Message d'Henri Guaino
Chers adhérents de Notre France,
Au vu de la tournure que prenait cette campagne présidentielle, et du constat de l'impossibilité d'en infléchir le cours, j'ai pris il y a plusieurs mois la décision de ne pas m'y impliquer auprès de l'un ou l'autre des candidats et en faveur de l'un ou l'autre des programmes. N'ayant de toute ma vie jamais donné de consigne de vote - et à quel titre le ferais-je ? - je garde pour moi, pour ce second tour, comme pour le premier, le choix qui sera le mien dans l'isoloir. Les excès en tous genres qui caractérisent cette fin de campagne me confortent dans mon choix initial. Au milieu de cette hystérie, je ne dirai donc pas pour qui je voterai. Mais il y a des limites à mon silence face à certains arguments injustifiables, pour ne pas dire inqualifiables et, à mes yeux insupportables quel que soit le candidat pour lequel ou contre lequel on fait campagne.
Parmi ces arguments, deux sont, à mes yeux, les plus irrecevables et les plus dangereux pour l'avenir du débat démocratique.
- Le premier concerne l'utilisation du référendum pour modifier la Constitution. On peut légitimement être violemment opposé au contenu d'un projet de loi soumis à référendum. Mais proclamer que l'utilisation de l'article 11 de la Constitution par le Président de la République serait un coup d'État constitutionnel est proprement hallucinant.

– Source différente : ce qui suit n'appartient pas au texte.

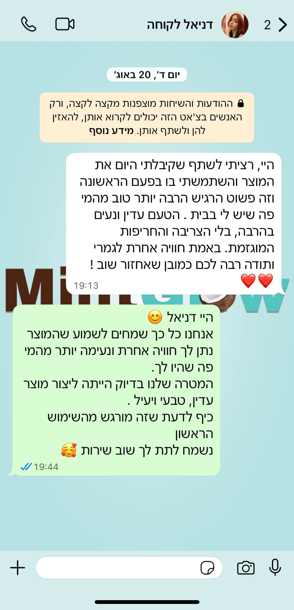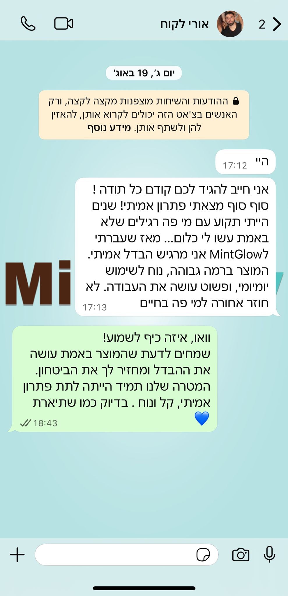 "ืื ืืืืื ืืฉืชืืฉืชื ืืื ืคื , ืืชืืื ื ืฉืืจ ืื ืืขื ืืืืื ืืืง ืืจืื ืื ื ืขืื ืืืจื ืืื ืฉืขืืช. ืืื ืฉืขืืจืชื ื-MintGlow ืืื ืืฉืชื ื! ืืื ืืขื ืืืืื, ืืชืืืฉื ืืคื ื ืงืืื, ืืฉืื ืืื ืฉืื ื ืจืืืช ืืื ืืช ืืืชืจ ืืืจืื ื ืฉืืจ ืจืขื ื ืืื ืืืื. ืื ืืืืจืช ืืืืจื ืืฉืื ืืฆื!"

C'est le retour de la horde des politiciens, des éditorialistes, des charlatans du droit constitutionnel qui en 1962, aveuglés par leur haine de De Gaulle et de la Ve République, hurlaient à la forfaiture quand ce dernier décida d'utiliser cette procédure pour soumettre au peuple français la réforme instaurant l'élection du Président de la République au suffrage universel. La question de l'interprétation de la Constitution sur ce point, telle qu'elle est rédigée, a été définitivement tranchée par le peuple il y a soixante ans. Le véritable coup d'État constitutionnel et la forfaiture seraient de le contester. La fin ne justifie pas tous les moyens, et que des politiciens qui se sont toute leur vie réclamée du gaullisme usent de cet argument dans le débat électoral les déshonore, même si la cause qu'ils prétendent défendre dans cet entre-deux tours a toute sa légitimité.

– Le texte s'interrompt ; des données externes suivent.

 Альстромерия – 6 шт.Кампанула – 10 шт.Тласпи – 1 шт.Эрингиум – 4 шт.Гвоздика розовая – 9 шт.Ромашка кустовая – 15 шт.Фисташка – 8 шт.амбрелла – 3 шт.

Je termine par une remarque qui mériterait un plus long développement : la rédaction de l'article 11 telle qu'elle résulte de l'œuvre des constituants de 1958 et des réformes de 1995 et 2008 ne prévoie explicitement le contrôle du Conseil constitutionnel sur le texte soumis à référendum que pour le référendum d'initiative partagée et en aucun cas sur un référendum d'initiative présidentielle. Le Conseil constitutionnel, qui n'est pas chargé de réécrire la Constitution à sa guise, n'a donc rien à dire sur le fond d'un texte que le Président de la République déciderait de soumettre au peuple, même si le Conseil s'est arrogé le droit de vérifier la régularité du décret qui organise la consultation électorale. En élargissant son contrôle en contradiction avec la lettre de la Constitution, il violerait ouvertement cette dernière, ouvrant la voie au chaos institutionnel et à un gouvernement des juges qui progresse déjà de façon inquiétante. Mais c'est un autre débat.
Ce débat sur l'article 11 qui a l'air technique et rébarbatif est en réalité profondément politique, et la manière dont il est ouvert et manipulé par certains conduit à une dangereuse remise en cause de l'équilibre des pouvoirs dans notre République. C'est la raison pour laquelle il ne doit surtout pas être asservi à des considérations politiciennes et électoralistes.
- Le deuxième argument que je trouve irrecevable et lui aussi délétère dans cette campagne, est relatif à l'affirmation selon laquelle la réaffirmation de la supériorité du droit national sur le droit communautaire équivaudrait à une sortie déguisée de l'Union européenne. Il est délétère parce que c'est un mensonge qui interdit tout débat sérieux sur un sujet qui est au cœur de la grave crise démocratique que nous traversons.
Cette question qui elle aussi peut paraître trop technique et rébarbative ayant fait irruption au cœur du débat électoral, vous trouverez ci-joint le texte de l'entretien que j'avais accordé sur ce sujet au Figaro en octobre dernier et que Notre France vous avait alors adressé. Sujet auquel, à l'époque, beaucoup d'entre vous n'avaient peut-être pas prêté beaucoup d'attention, mais dont l'importance se mesure à l'hystérie qu'il déclenche aujourd'hui chez ceux qui, comme pour tout le reste d'ailleurs, veulent faire l'Europe fédérale dans le dos des peuples.